Home / Platforms / Vision Foundry
Platform in-development image-classification

Vision Foundry

Vision Foundry is a self-service platform for AI-powered image analysis. It is designed to assist researchers working with unlabeled or hard-to-label image datasets, especially in the biomedical domain. It helps researchers extract high-dimensional feature representations from unlabeled image data.

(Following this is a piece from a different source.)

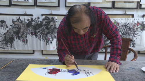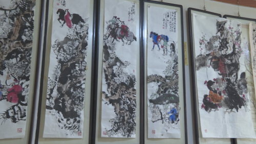 中国美术家协会会员,九三学社中央书画院副院长王首麟:一部分是以汉唐风韵为主,唐诗宋词等经典文学,把文学语言用绘画的手法表现出来,从我的理解和中国历代文化的综合在绘画语言上的表现,也是我一个创作,这次到西和这边做一下展示,跟大家做一下交流。

At the core of Vision Foundry is DinoMX, a modular PyTorch-based training framework that facilitates self-supervised representation learning using Vision Transformers (ViTs). The pipeline builds upon the DINO and DINOv2 frameworks (self-distillation with no labels) introduced by Meta in 2023.

Key Capabilities

  • LoRA Fine-Tuning (via PEFT): Parameter-efficient adaptation without retraining the full backbone
  • Knowledge Distillation: Transfer representations from large teacher to smaller student model
  • ClearML Integration: Experiment tracking, logging, and artifact storage
  • Model Standardization: Hugging Face compatible checkpoints
  • Multi-modal development: Integration of vision encoders with LLMs for clinical AI

The initial use case focused on neuropathology. As part of the Federated Brain Digital Slide Archive project, NP-TEST-0 was developed — a Vision Transformer pretrained using DinoMX on real-world neuropathology data. It supports transfer learning, tissue segmentation, patch-level classification, and similarity search.